But it wouldn’t be frustrating if you know what you’re dealing with–the fundamentals, differences between key concepts, and the future of Artificial Intelligence. 

We know that you’re here to understand artificial intelligence (AI), machine learning (ML), and deep learning (DL), in the simplest way possible. And, you’ve come to the right place. 

These terms frequently dominate our discussions today and are often used interchangeably. But, all this becomes so confusing, and at the end of the day, you’re left wanting to have more clarity. 

Well, that’s what we are going to do in this article.

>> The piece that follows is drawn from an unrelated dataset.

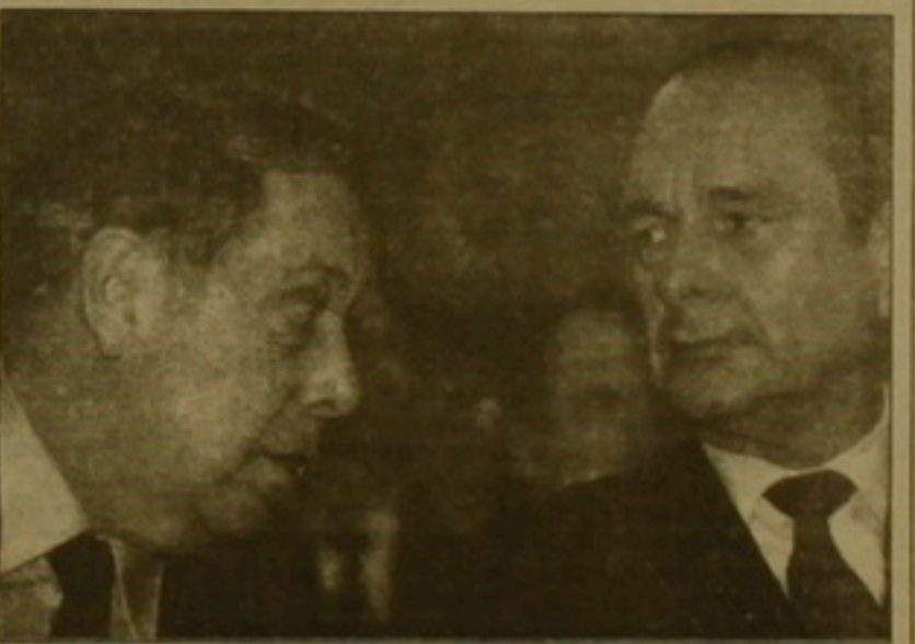
Մարդու իրավունքների դաստիարակություն՝ Ֆրանսիական ձեռով

ստեղծում նեմարված ճգնաժամը նրա նախագահի թեկնածության դասժառով քարեհաղորդությանը լուծվեց՝ առաջիկա հինգ արում հանձնաժողովը կնախագահի կուստնորդի այժմյան վարչապետ ժակ Մանսերը: Երեք շաբաթ առաջ Երամիության վերնախավում շեղի ունեցած հանդիպման ժամանակ Բելգիայի վարչապետ ժան-Լյուկ Դեանը չէր խանգարում Բրիտանիայի վարչապետ Տոն Սեյլորին, եւ նա օգտագործելով վեռնի իրավունքը, բոլորին դեմ գնաց, որը եւ սեղծեց կարգու: Սակայն հուլիսի 1-ին Եւրոպական միությունում նախագահական կեսարվա հերթավորիսն անցած Դասնակցային Գերմանիայի կանցել Գեյմուս Քոլը առաջարկեց մի նոր թեկնածու, որը միանգամից բոլորի սրով եղավ: ՅՑ ամյա ժակ Մանսերի կերպարանը Եւրոպական հաղաբական թեմում վաղուց է հայտնվել: Բազմակողմա-
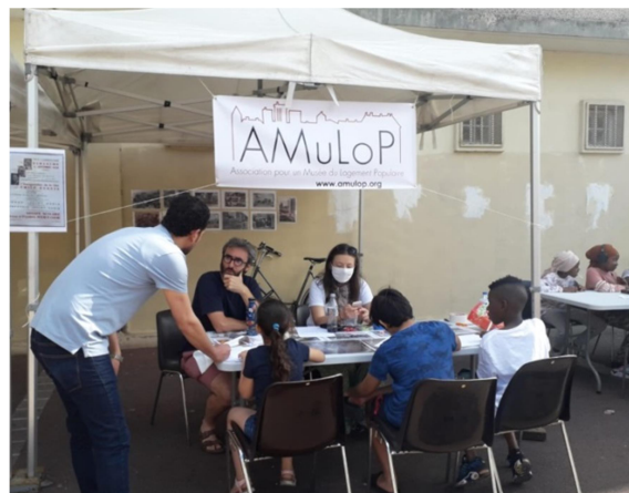
Atelier avec les habitant.e.s du quartier Émile-Dubois-Maladrerie, Aubervilliers, 2020

Il s'agit donc de construire une exposition ouverte à tous les publics et en particulier à ceux qui ne fréquentent pas ou peu les musées. Pour cela, l'AMuLoP souhaite mettre en place une scénographie immersive, relevant de l'expérience personnelle et propre à susciter l'émotion des publics, tout en présentant des reconstitutions rigoureuses scientifiquement et en assurant la transmission d'un discours historique exigeant.

You’ll learn about: 

  • Differences between artificial Intelligence, machine learning, and deep learning—with clarity.
  • Potential AI use cases

So without further ado, let's jump right in. 

How are AI, ML, and DL related?

Before understanding the differences, let us take a step back and understand where it all started.

History of AI, ML and DL
Source: How artificial intelligence, machine learning, deep learning, and generative AI are related

What is Artificial Intelligence (AI)

The term "artificial intelligence" was coined by John McCarthy in 1956 (yes, almost a century ago!), at the first AI conference held at Dartmouth College. 

AI’s overarching goal is to create computers that can simulate or exceed human intelligence. It is a very broad field with different techniques aimed at enabling machines to learn, infer, reason, make decisions, and even show creativity.  

Early AI efforts involved programming languages like Lisp and Prolog, which led to the development of expert systems in the 1980s and 90s. While AI adoption started slowly, recent advancements have dramatically increased its adoption in our lives and businesses.

What is Machine Learning (ML)

Machine learning is a subset of AI. Here, machines learn from data without being explicitly programmed for specific tasks. Instead of hard-coded rules, ML algorithms are trained on large datasets, allowing them to identify patterns, make predictions, and improve their performance over time.

Machine learning was more popularized around the 2010s and now forms the basis of many technologies we use. Several ML techniques exist today, including supervised, unsupervised, semi-supervised, and reinforcement learning.

Suggested Read: Machine Learning Guide 

What is Deep Learning (DL)

Deep learning is a subset of machine learning that utilizes artificial neural networks with multiple layers (deep neural networks). They are used to analyze and process complex data. 

These neural networks are inspired by the structure and function of the human brain, having interconnected nodes that process information in layers.  The "deep" in deep learning refers to the presence of multiple hidden layers that help in getting insights from raw, unstructured data like text and images. 

This reduces the need for human intervention. Deep learning has been instrumental in recent AI advancements, particularly in areas like natural language processing (NLP), computer vision, and speech recognition. 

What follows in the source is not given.